Die psychoanalytische Arbeit versucht, diesen Moment zwischen Affekt und Handlung zu erweitern – also den „Raum des Denkens“ (Bion, 1962) zu schaffen.
Affektüberflutung als Abwehr
Manchmal dient die emotionale Überflutung selbst als Abwehr gegen unerträgliche innere Spannungen.
Anstatt Trauer, Schuld oder Ohnmacht zu spüren, tritt eine intensive Reaktion nach außen – ein Wutausbruch, eine impulsive Handlung, ein Rückzug.
So wird der Affekt „verlagert“, ohne symbolisiert zu werden.
Diese Dynamik kann in der Therapie irritierend wirken: Patient:innen wirken lebendig, kontaktfreudig, spontan – und zugleich emotional ungreifbar.
Das Analytische Setting bietet hier die Möglichkeit, den Affekt nicht zu unterdrücken, sondern zu halten – bis er in Worte gefasst werden kann.
Therapeutische Implikation: Den Affekt halten, nicht bremsen
Das Ziel in der Behandlung von ADHS ist nicht emotionale Disziplin, sondern emotionale Integration.
Das bedeutet:
Affekte dürfen da sein, aber sie müssen gesehen und verstanden werden.

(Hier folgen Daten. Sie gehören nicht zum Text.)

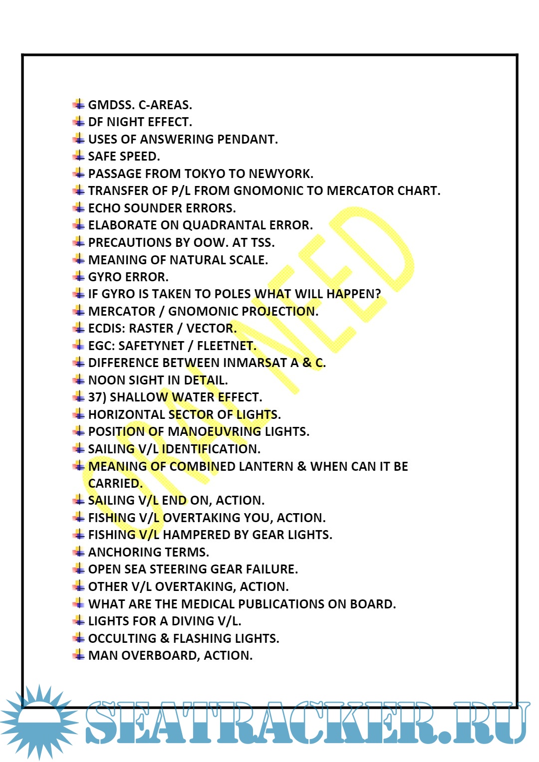 Description: Notes for the Second Mate: Function 1 Questions.
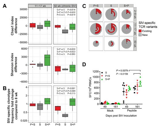 本研究結(jié)果發(fā)現(xiàn),預(yù)存瘧疾導(dǎo)致動物產(chǎn)生更多的CD4+ CCR5+ T細(xì)胞,有利于SIV的復(fù)制,從而導(dǎo)致更高的病毒載量。相反,隨后瘧疾感染誘導(dǎo)了更大比例的CD4+ CD28high CD95high中央記憶型T細(xì)胞和更強的SIV特異性T細(xì)胞反應(yīng),并維持SIV特異性T細(xì)胞受體庫的多樣性,產(chǎn)生新的SIV特異性T細(xì)胞克隆型來追蹤SIV的抗原變異,從而延長SIV感染動物的壽命。
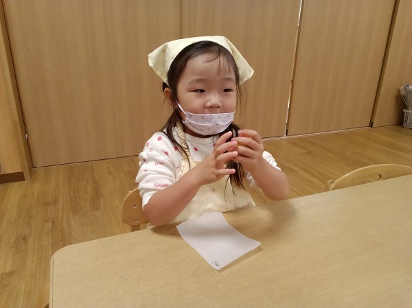 3歳児ぱんだ組と4歳児きりん組は、好きな形に成形を行いました。
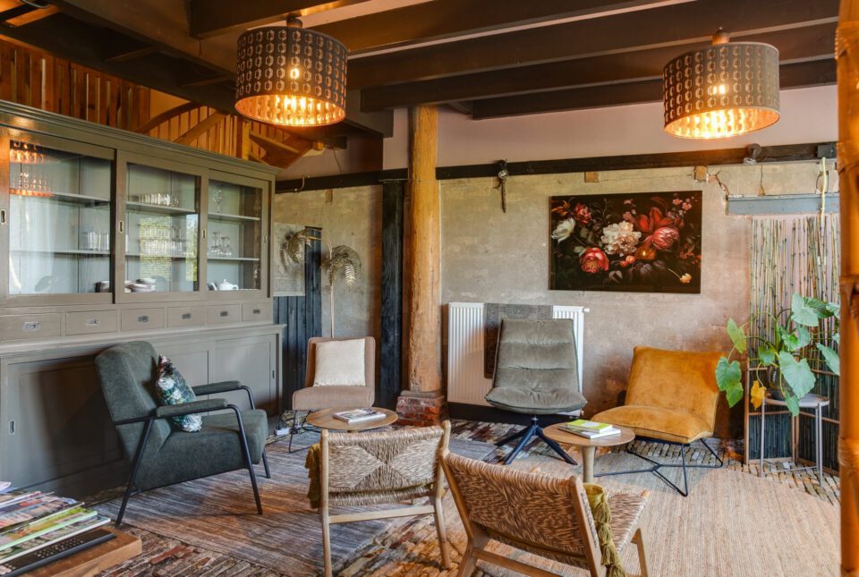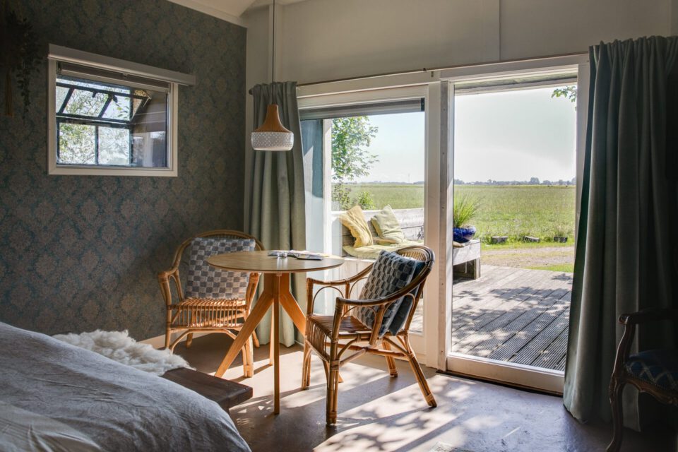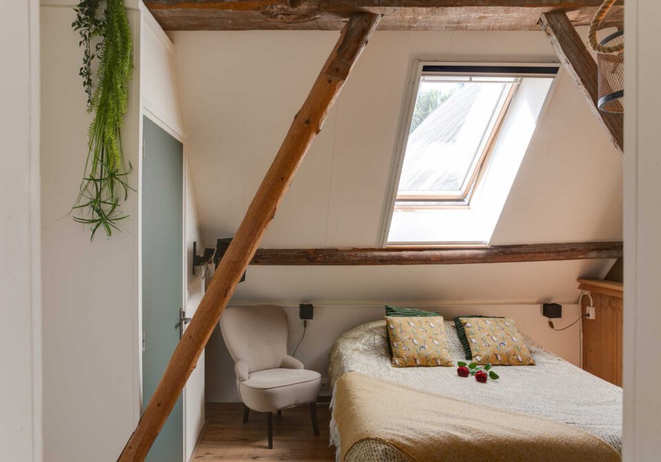 • De Weelderige Wouw, frisse kamer met 2 persoonsbed, een ruime zithoek en ingericht met warme oker elementen.
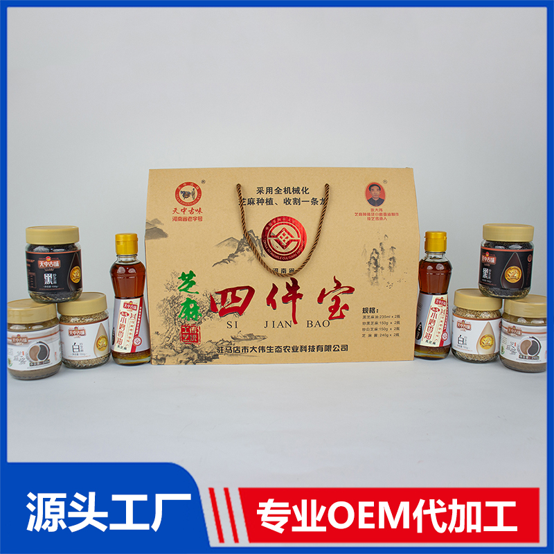 芝麻四件宝礼盒一件代发 小磨香油芝麻酱批发支持定制OEM代工
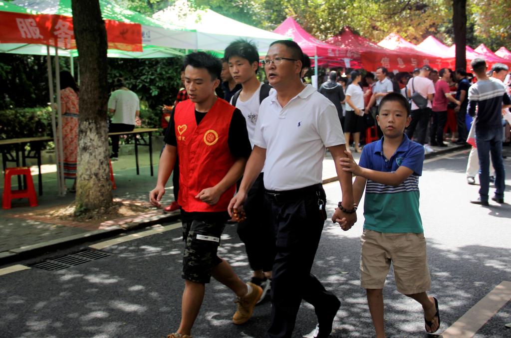 志愿者带领新生及家长办理入学手续
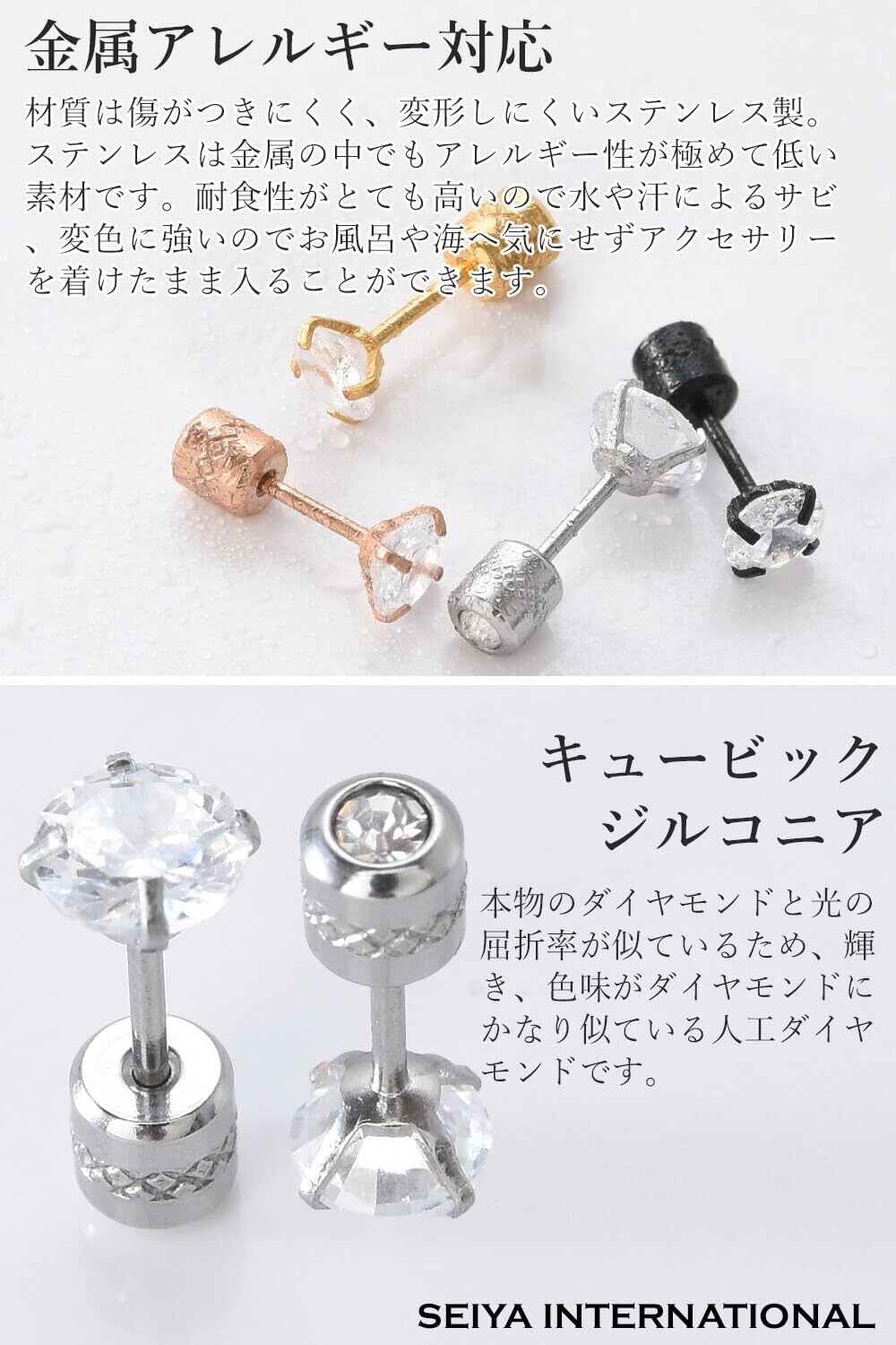[SEIYA INTERNATIONAL] ピアス レディース 金属アレルギー対応 つけっぱなし ステンレス 両耳 2個セット
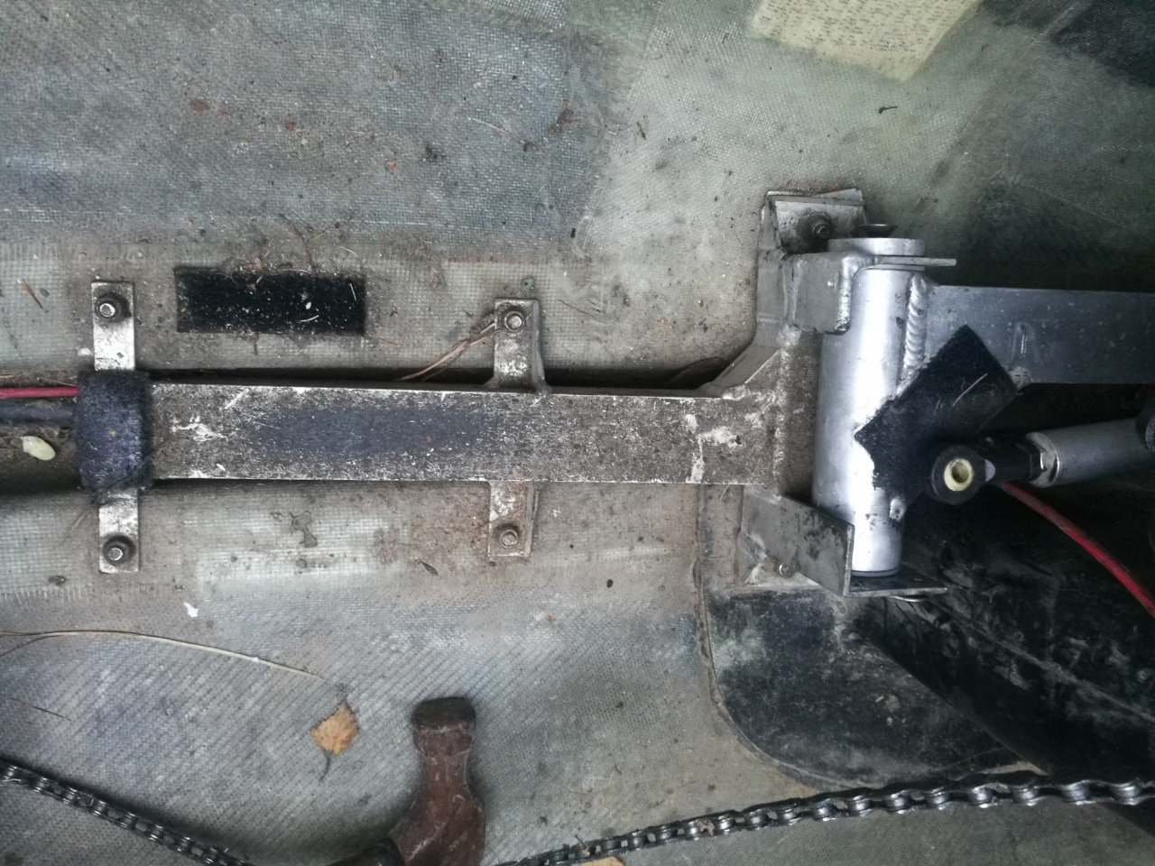 Heilurin kiinnittävän akselin päässä (kuvassa yläpäässä) olevan prikan alla oleva rajebbe on vielä epäselvä. Mihin prikan kiinnittävä ruuvi kierretään. Onko akseliputkeen hitsattu mutteri sisälle, vai meneekö tuo ruuvi läpi asti sinne hitsattuun laippalevyyn.
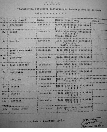 Wykaz organizacji młodzieżowych na terenie gminy Szczucin w dn. 2 IV 1946 r. [ANT]
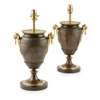 of urn form, moulded with a frieze of scrolling foliate motifs, the handles with leopard heads, raised on ebonised bases, with pleated shades (2)
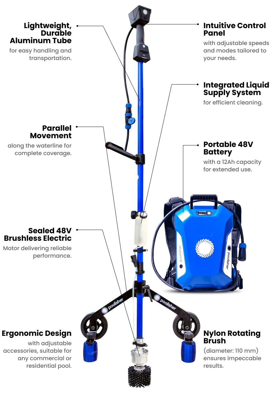 Poolisher isn’t just a tool; it’s the ultimate solution for those looking to simplify waterline maintenance. Perfect for both pool owners and maintenance companies seeking efficient and hassle-free cleaning
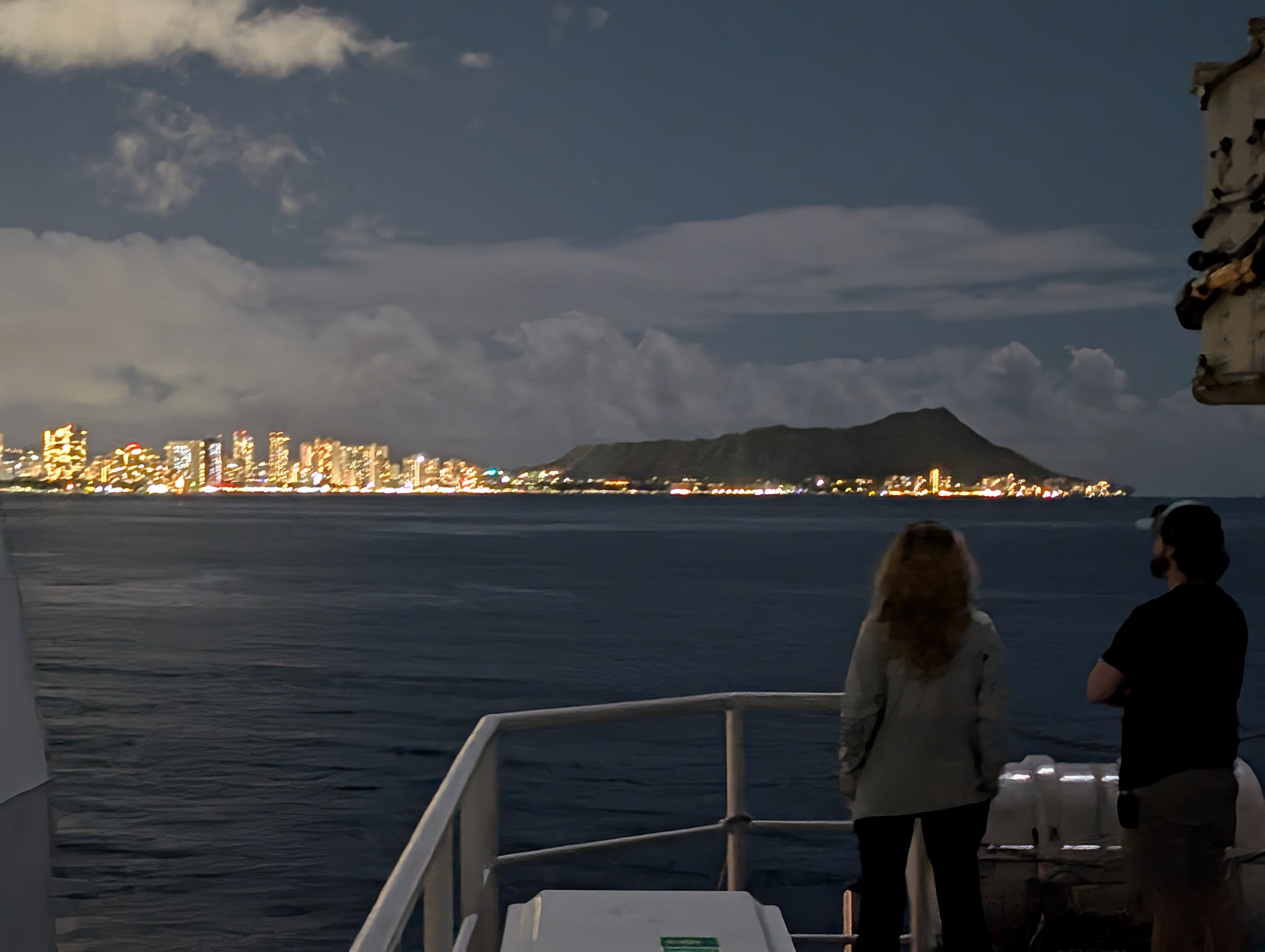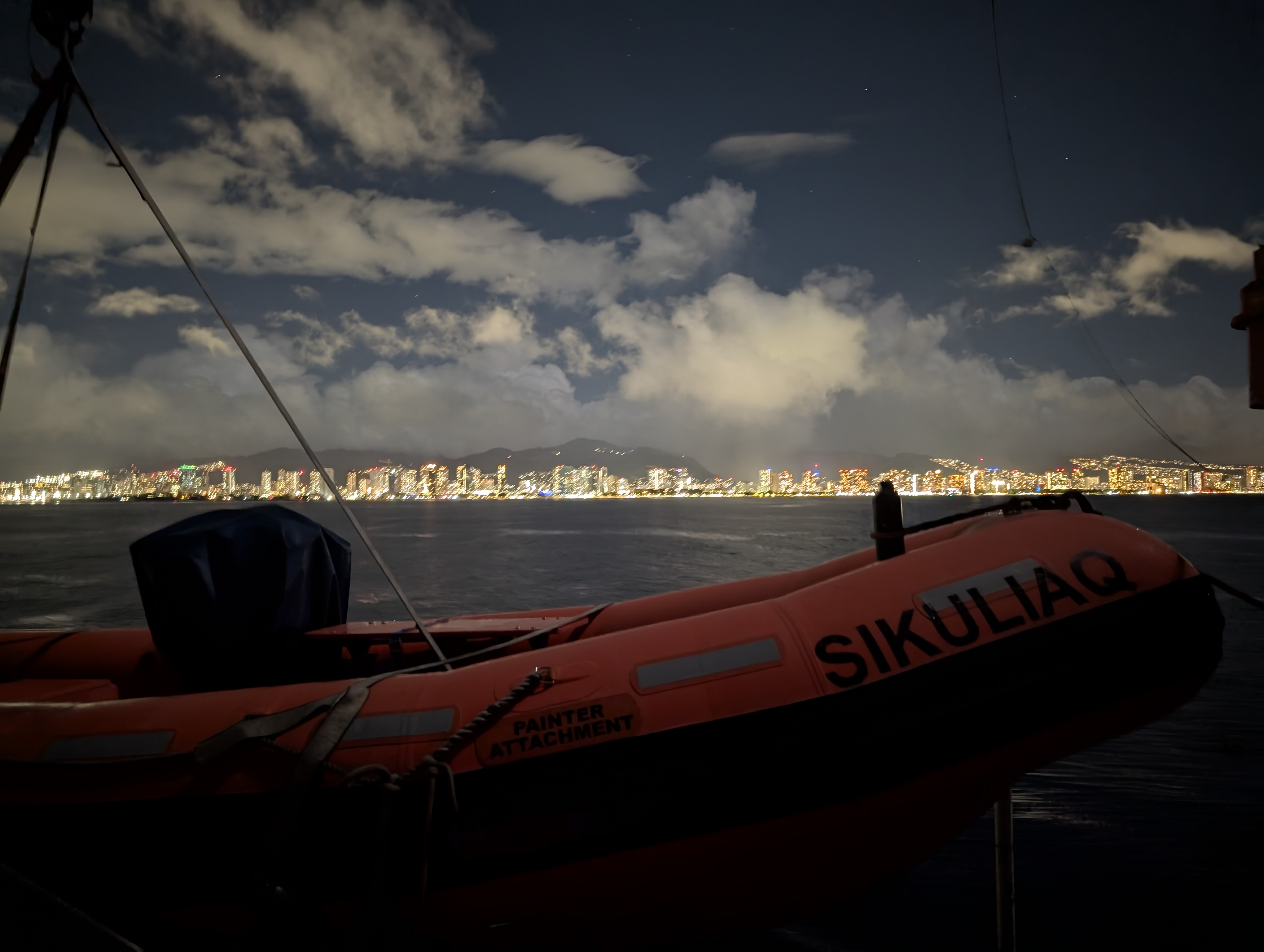 We’re coming around the south end of Oahu, eastbound, and turning north by northeast from there. The equatorial current wants to push us west, so we’re going to run perpendicular rather than fighting it, jinking north to catch the currents that will carry us east to Alaska. Ten or eleven days at sea – half a dozen “instructors,” a few more “students” than that, and then the rest of us who fit somewhere in between, or not at all. We’ve not even gotten to the point of trying to remember everyone’s names. Just the reminders to make sure you’ve secured your gear, and don’t get behind on your seasickness meds.

Der oder die Therapeut:in bietet Halt, indem er/sie den Affekt mitträgt, ohne mitzureagieren.
Der analytische Raum wird so zu einer Zwischenzone zwischen Gefühl und Handlung – einem Ort, an dem das Kind (oder der Erwachsene) lernt, Emotionen zu denken.
Große (2007) betont in ihrem Buch Wie Michel aus Lönneberga, dass Kinder mit ADHS oft „fühlen, bevor sie denken“.
Therapie bedeutet dann, das Denken an das Fühlen heranzuführen – langsam, geduldig und mit Humor.
Fazit
ADHS ist keine Störung der Emotion, sondern der Affektintegration.
Das Gehirn reagiert schnell – das Ich kommt erst hinterher.
Therapie kann hier helfen, den inneren „Filter“ zu entwickeln: nicht indem sie Emotionen dämpft, sondern indem sie ihnen eine Form gibt.
So entsteht mit der Zeit, was neurobiologisch als Reifung und psychodynamisch als Ich-Stärkung verstanden werden kann:
die Fähigkeit, zu fühlen, ohne vom Gefühl verschlungen zu werden.
Literatur
Barkley, R. A. (2018). Taking Charge of ADHD: The Complete, Authoritative Guide for Parents. New York: Guilford Press.
Fonagy, P. & Target, M. (2003). Psychoanalytic Theories: Perspectives from Developmental Psychopathology.London: Whurr.
Bion, W. R. (1962). Learning from Experience. London: Heinemann.
Große, G. (2007). Wie Michel aus Lönneberga: Kinder mit ADHS verstehen und fördern. Stuttgart: Klett-Cotta.